Solo a seguito di controlli specialistici effettuati presso altra e diversa struttura a distanza di circa un mese dall’intervento di artroprotesi ginocchio sx (fine gennaio 2009) veniva documentata la presenza di idrarto reattivo e per questo effettuata artrocentesi, ma anche in tale occasione venivano esibiti

esami ematochimici che non rilevavano criticità degne di nota.

Solo dopo 6 mesi dall’intervento di posizionamento di artroprotesi e 5 mesi dalla procedura di artrocentesi, in corso di nuova visita ortopedica, nasceva il sospetto della complicanza infettiva tale da giustificare la prescrizione di una terapia antibiotica empirica domiciliare risultata inefficace.

A fronte di tali riscontri fattuali, viene escluso che, da un lato, i sanitari avrebbero dovuto porre in essere altri e più approfonditi controlli rispetto a quelli effettuati, dall’altro che l’infezione protesica fosse sussistente al momento delle dimissioni.
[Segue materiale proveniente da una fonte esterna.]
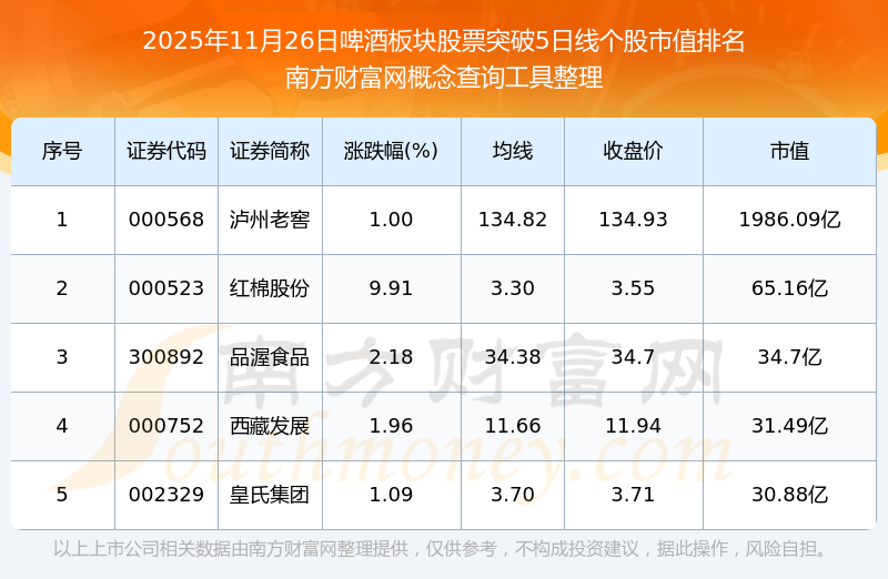 2025年11月26日啤酒板塊股票突破5日線個(gè)股市值排名

Infatti, l’infezione veniva confermata dopo l’esame di scintigrafia eseguito a distanza di 10 mesi dall’intervento.

Conseguentemente non è possibile affermare, in ragione del criterio del più probabile che non, che la sintomatologia lamentata e l’intervento di revisione protesica, fosse riconducibile ad un’infezione peri-protesica contratta in occasione dell’intervento del giorno 4/12/2008.

Per tali ragioni la domanda viene rigettata con condanna alle spese di lite e di CTU.